If you are among the 44.5% percent of North Carolina voters who during 2018 cast a ballot in opposition to the establishment of a voter ID requirement in this state, you still should be somewhat troubled by what happened last week when a federal judge, one who was appointed and not elected, kicked aside that requirement with the snap of a finger.
If, as does this newspaper, you advocate in favor of a voter ID law, and believed that would happen after 55.5% of North Carolina voters voted in favor, then you have a right to be angry.
In effect, when U.S. District Court Judge Loretta Biggs blocked implementation of the voter ID law, which would have been used for the first time in the March 3 primary, she disenfranchised a little more than 2 million voters who voted in favor of the law in what is clearly an attempt to legislate from the bench.
Perhaps more troublesome was Biggs’ disjointed explanation: She seemed not bothered at all by the law itself, which is tremendously generous in what it permits as a valid voter ID, but instead spoke of North Carolina’s “sordid history” when it comes to voter ID law.
She essentially said she doesn’t trust the law because of past transgressions by Republicans, who are in fact guilty of overreaching in this pursuit with a goal to depress the votes of those, primarily minorities, who are most likely to vote in favor of Democratic candidates.
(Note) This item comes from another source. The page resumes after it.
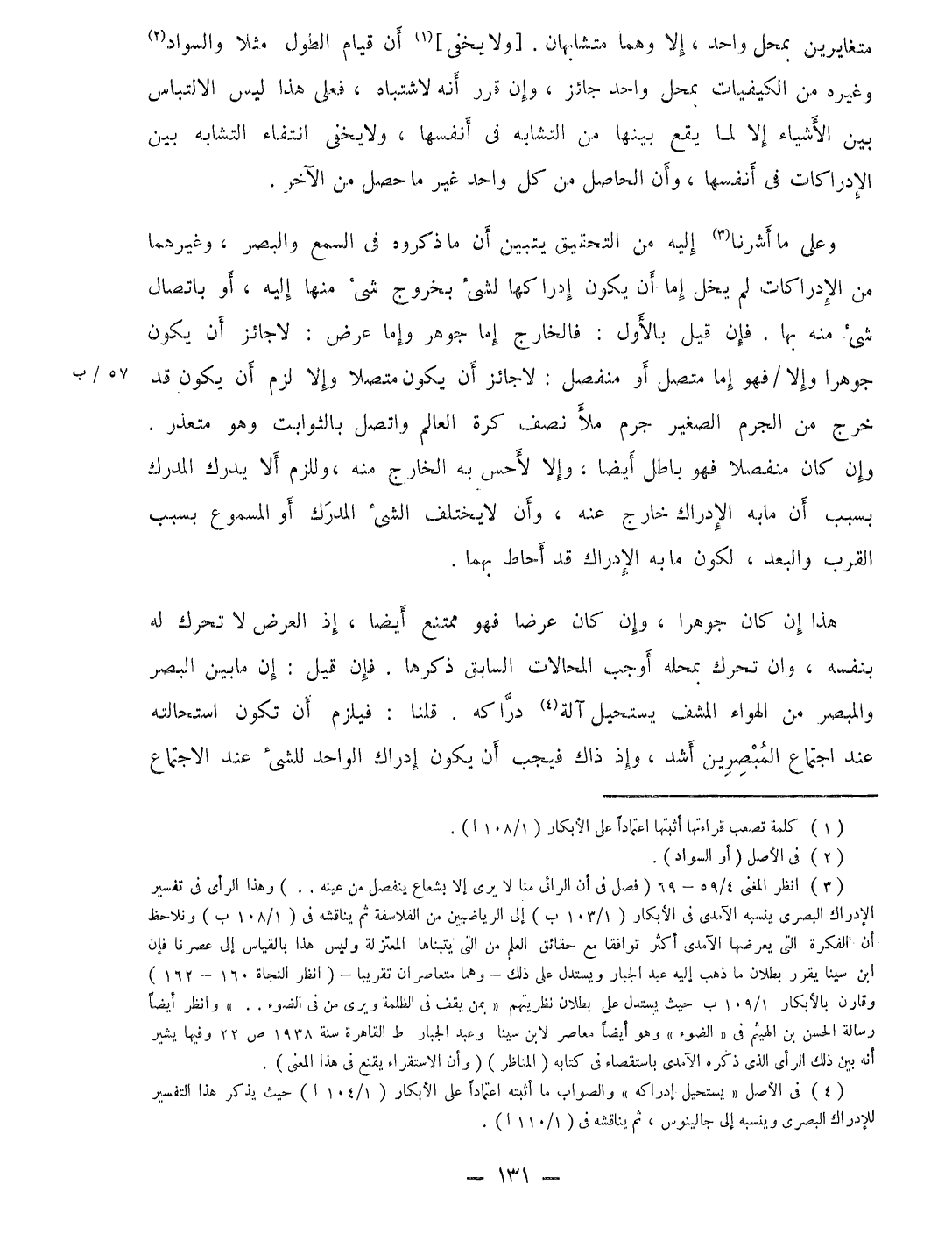 وعَلى مَا أَشَرنَا إِلَيْهِ من التَّحْقِيق يتَبَيَّن أَن مَا ذَكرُوهُ فِي السّمع وَالْبَصَر وَغَيرهمَا من الإدراكات لم يخل إِمَّا أَن يكون إِدْرَاكهَا لشئ بِخُرُوج شئ مِنْهَا إِلَيْهِ أَو بإتصال شئ مِنْهُ بهَا فَإِن قيل بِالْأولِ فالخارج اما جَوْهَر وَإِمَّا عرض لَا جَائِز أَن يكون جوهرا وَإِلَّا فَهُوَ إِمَّا مُتَّصِل أَو مُنْفَصِل لَا جَائِز أَن يكون مُتَّصِلا وَإِلَّا لزم أَن يكون قد خرج من الجرم الصَّغِير جرم مَلأ نصف كرة الْعَالم واتصل بالثوابت وَهُوَ مُتَعَذر وَإِن كَانَ مُنْفَصِلا فَهُوَ بَاطِل أَيْضا وَإِلَّا لأحس بِهِ الْخَارِج مِنْهُ وللزم أَلا يدْرك الْمدْرك بِسَبَب أَن مَا بِهِ الْإِدْرَاك خَارج عَنهُ وَأَن لَا يخْتَلف الشئ الْمدْرك أَو المسموع بِسَبَب الْقرب والبعد لكَون مَا بِهِ الْإِدْرَاك قد أحَاط بهما

She also was troubled by the architects of the law, primarily lawmakers, duly elected we suppose, because of their previous efforts to construct a voter ID law that time and again was determined to be unconstitutional.
Biggs didn’t actually detail what she perceived as flaws in the law itself that presumably would strip some state residents of their right to cast a ballot. We will say again, few things are easier to do than to vote in North Carolina, which offers an extended early voting period, accommodates those who must register at the last minute, and for the foreseeable future does not require any photo ID.
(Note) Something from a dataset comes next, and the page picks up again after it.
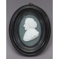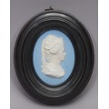 A 19th century jasperware portrait plaque, probably Wedgwood...

But even if that law were implemented, we are unfamiliar with those who simply cannot find a photo ID with which to cast a ballot. Who are these people? We would love to meet them.
The state, under the law, would provide a photo ID for free — and the overwhelmingly majority of people already possess one. Navigating life without a photo ID is what is difficult.
What is required to vote, now and even after a voter ID is established, is the desire to do so. That is what is typically missing when eligible voters sit out elections.
Josh Stein, the state’s Democratic attorney general, said Wednesday he would do his duty and appeal Biggs’ decision, but said he would delay any action until after the March 3 primary, saying that a rush job would just add to the confusion.
So it appears that in North Carolina, the comfort that a photo ID would have provided will be absent yet again for the primary. Elections here are rarely decided by ideas, but instead turn on which candidate has the deepest pocket and can haul the most voters to the polls, who then dutifully do as they are told to do.
That is a practice that would not have been eliminated by the photo ID requirement, but at least would have been inhibited. We all see the local governments that the absence of a voter ID have saddled us with, and we will continue to wonder what might have been had one been implemented.